Capt. Burt Prince and his mate, Gary Starkweather, caught a porbeagle shark, said to be as tasty as a mako, while fishing off Montauk.
Capt. Burt Prince and his mate, Gary Starkweather, caught a porbeagle shark, said to be as tasty as a mako, while fishing off Montauk.
Cold water sharks
By
Russell Drumm

Capt. Burt Prince and his mate Gary Starkweather took the Susie E charter boat about 20 miles south of Montauk the other day and returned with a rarity, a porbeagle shark, 7 feet long, 54-inches in girth, and weighing just under 400 pounds.

“He stayed deep. We circled him and he corkscrewed up. Strange. We thought he was a mako, but he did not fight hard,” Prince said.

Porbeagles, Lamna nasus — some say the name is a conglomerate of porpoise and beagle, the beagle part due to its aggressive hunting instinct — are cold water sharks. Their physiology is similar to the great white in that they are capable of keeping their body temperatures above that of surrounding seawater, a feature that allows them to range into grounds richer in prey than more temperate latitudes. In the western North Atlantic, pregnant females migrate south to the Bahamas to give birth, usually four pups at a time.

They are found in both northern and southern hemispheres, in the Pacific, where they are known as salmon sharks, and in the Atlantic from the Gulf of Maine and the Grand Banks to Scandinavia. Porbeagles are as tasty or tastier than mako sharks, the reason that Norwegian longline fishermen depleted stocks to a dangerous level in the 1960s.

On Monday, Captain Prince pulled the frozen head of the big shark from the freezer at West Lake Marina. It would be pricey, he said, but the head was bound for the taxidermist. The meat was shared by the charter customers.

Don’t know if the big porbeagle bit into a J-hook, or into an inline, non-stainless-steel circle hook, but technically, the use of the old-style J-hooks to catch sharks became illegal in New York waters after Sept. 23, when Gov. Andrew Cuomo signed a bill outlawing them.

Circle hooks were developed by Japanese longliners. On a circle hook, the bend is more exaggerated, bringing the hook’s point almost full circle back toward its shank. The design results in the point of the hook catching the lips or jaw of a fish rather than the gut. Released fish have a far greater chance at survival, although anglers must train themselves not to strike at the first vibration of the rod tip. A violent yank only pulls a circle hook free of a hungry fish. Reeling does the trick.

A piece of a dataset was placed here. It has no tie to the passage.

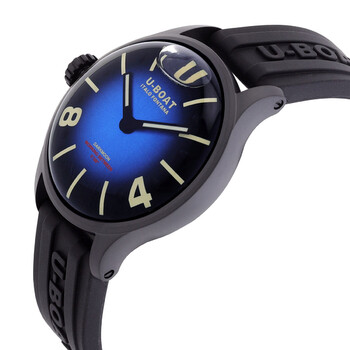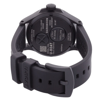 Black stainless steel case with a black rubber strap. Fixed black stainless steel bezel. Blue dial with black hands and Arabic numeral & index hour markers. Dial Type: Analog. Luminescent hands and markers. Ronda Caliber 712.3 quartz movement. Scratch resistant sapphire crystal. Screw down crown. Solid case back. Round case shape, case size: 40 mm. Buckle clasp. Water resistant at 50 meters / 165 feet. Functions: hour, minute. Capsoil Darkmoon Series. Casual watch style. U-Boat Capsoil Darkmoon Quartz Blue Dial Men's Watch 9020.

Two local environmental activists, Rav Freidel of Montauk and April Gornik of North Haven, both instrumental in the founding in 2013 of the Montauk Marine Basin’s annual no-kill shark tournament, worked with State Assemblyman Fred W. Thiele Jr. and State Senator Kenneth P. LaValle to push the circle hook bill through the legislature. Both joined with the late Carl Darenberg, owner of the Marine Basin, to encourage local shark fishermen to use circle hooks.

As far as I know, circle hooks have not made it into the tackle boxes of surfcasters, although there’s probably no reason a bucktail lure armed with a circle hook wouldn’t work on a striped bass. Correct me if I’m wrong.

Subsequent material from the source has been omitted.